Sorry for the delay in answering.On page 104 in the chapter "The major problems of State Capitalism" Wolff discusses Marx's idea of the "distribution of the surplus". "

"Marx is the source of the basic analysis of capitalism in terms of the production and distribution of the surplus. Some major Marxian writers have since further developed that surplus analysis. However Marx's surplus analysis as a basis for differentiating capitalism and socialism never acquired the centrality that property ownership (private versus public) and resource and product distribution (market versus planning) did in the nearly universally shared definition/differentiation of both systems.Here I propose to enrich and and thereby transform that definition/differentiation by adding the organisation of the surplus to the analysis.Moreover, because the surplus analysis has been so long marginalized or ignored in discussions of capitalism and socialism , I foreground and concentrate on it here".

I took socialism to be the "self liberation of the working class" and an economy which is democratically run by the working class for and by itself.It would necessarily entail some sort of democratic planning.

This would probably fit in with Trotsky's idea of "worker's democracy".

I don't know of Wolff's definition would entail a much different version of Marxist thought. I'm not used to seeing things posed as he does.

Aurora
20th February 2013, 04:21
That's factors of production, not forces of production. That's classical political economy's term to describe land, labour, and "capital."

Richard Wolff has a big point about shifting away from static relations to processes.
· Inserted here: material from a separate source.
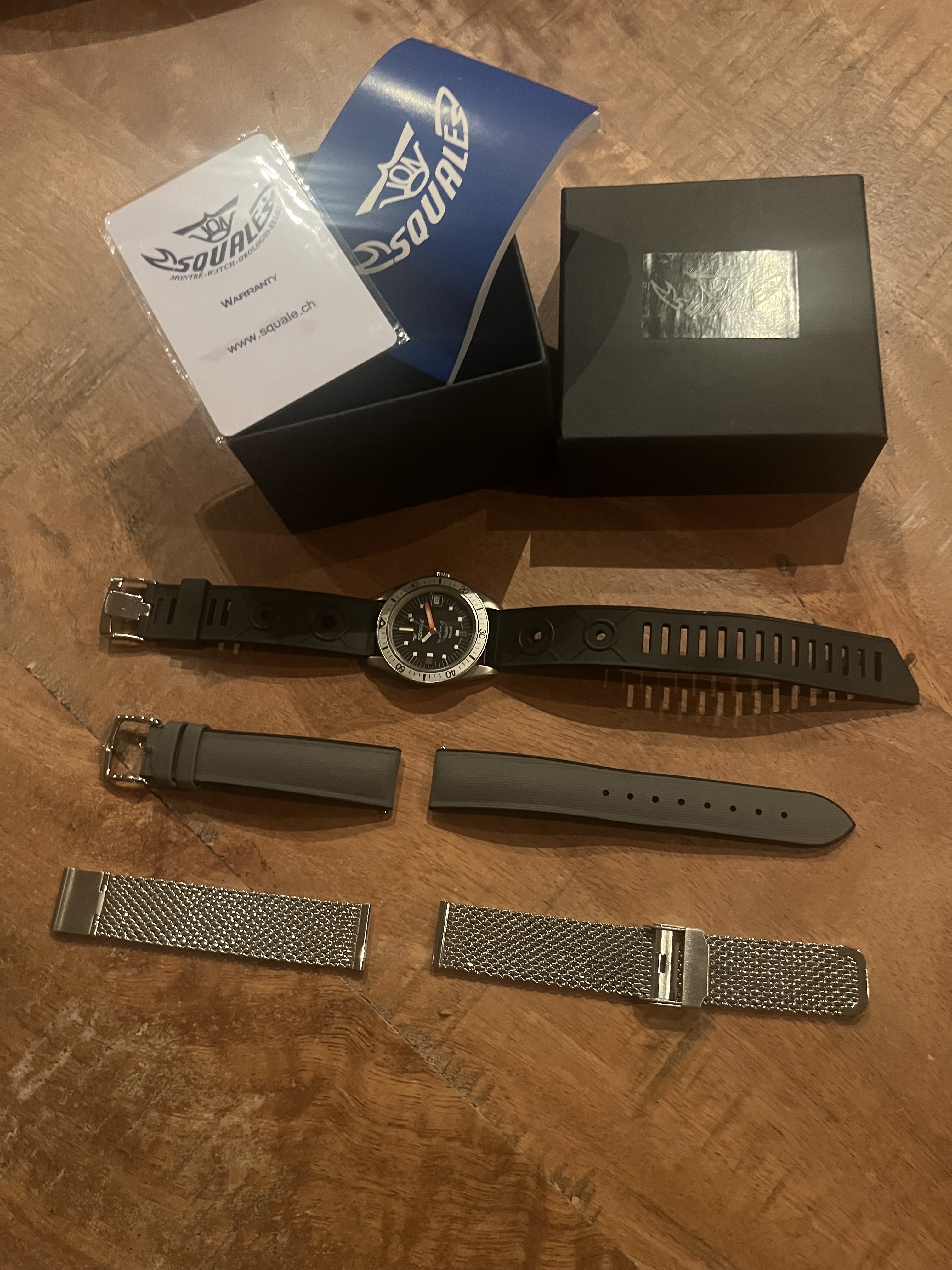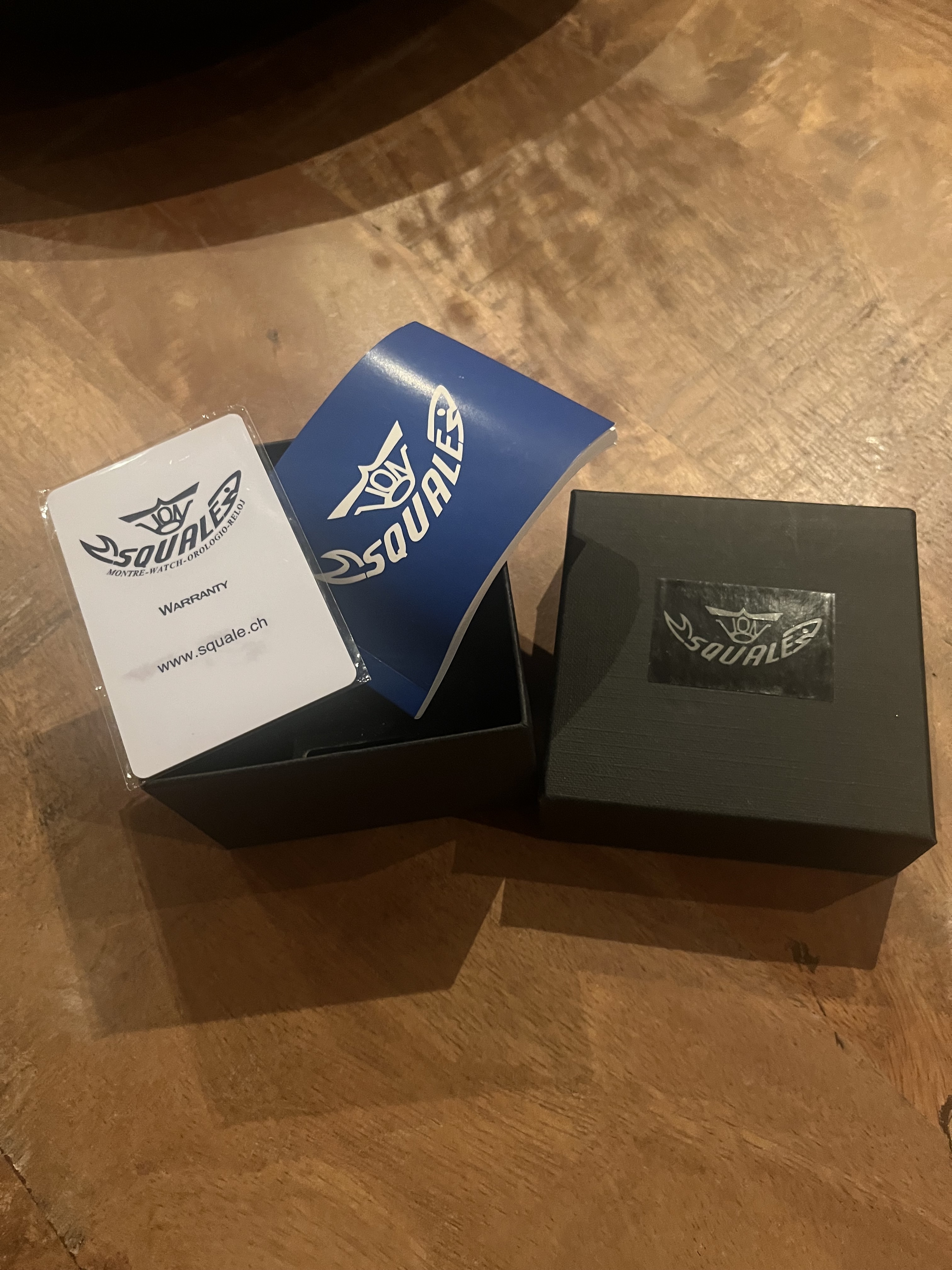 Originele doos en/of eventuele accessoires: komt in orginele doos met orginele Squale rubber strap, een Hirsch Arne performance (grijs) en een mesh band.

Before Capital, "capital" itself was described in a static manner: capital assets, monetary investments, and so on, as opposed to being more related to circulatory processes.
Eh no? I'm not talking about the 'factors of production' which iirc are considered land, labour, capital and entrepreneurship.
I'm talking about the productive forces which are means of production( the objects and instruments of labour) combined with labour.
Am i wrong, could you provide a better definition?
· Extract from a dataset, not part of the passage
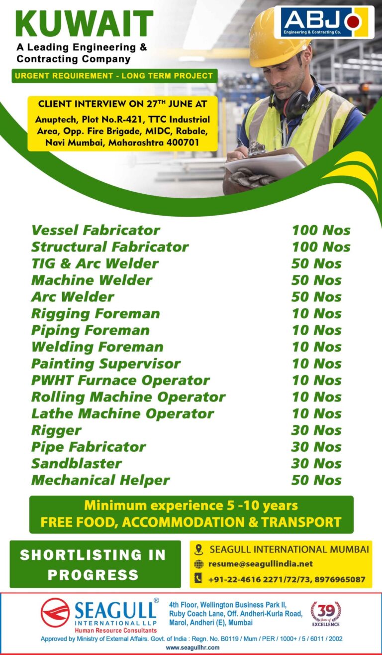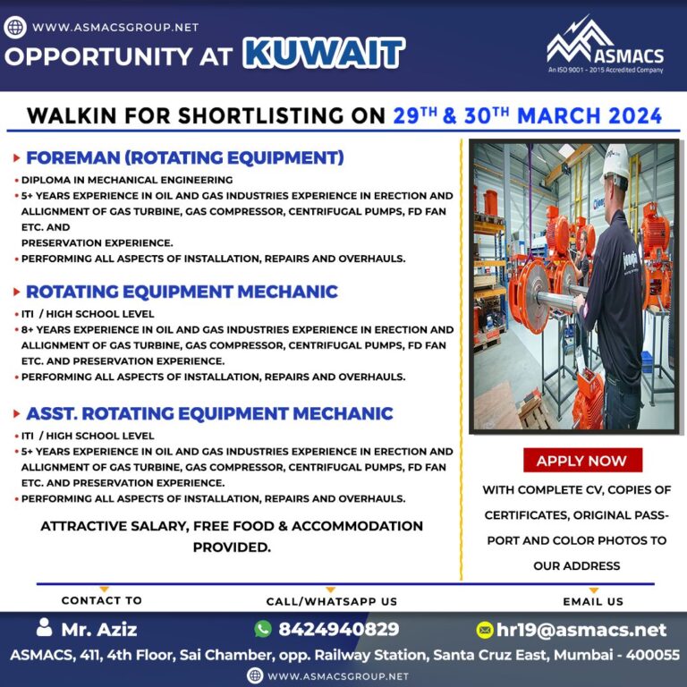 OPPORTUNITY AT KUWAITREQUIRED IN LARGE NO’SWALKIN FOR SHORTLISTING ON 25TH,26TH & 27TH FEB. 2024FINAL CLIENT INTERVIEW AT MUMBAI SHORTLYASMACSAn ISO …

"Marx is the source of the basic analysis of capitalism in terms of the production and distribution of the surplus. Some major Marxian writers have since further developed that surplus analysis. However Marx's surplus analysis as a basis for differentiating capitalism and socialism never acquired the centrality that property ownership (private versus public) and resource and product distribution (market versus planning) did in the nearly universally shared definition/differentiation of both systems.Here I propose to enrich and and thereby transform that definition/differentiation by adding the organisation of the surplus to the analysis.Moreover, because the surplus analysis has been so long marginalized or ignored in discussions of capitalism and socialism , I foreground and concentrate on it here".

Ok that's pretty much what i thought, i don't think there's any difference in looking at where the surplus goes compared to looking at property ownership, although there's nothing wrong with doing so of course.

The completion of the circuit of capital brings ownership of the surplus to the capitalist, if a capitalist buys a share that capital is used to extract surplus value and a share of the surplus value is given back to the capitalist because of his ownership of the means of production.
In socialism when the means of production belong to the whole of society the surplus benefits all, any accumulation of surplus is used to build schools hospitals etc, what the citizen gives in one form they receive in another.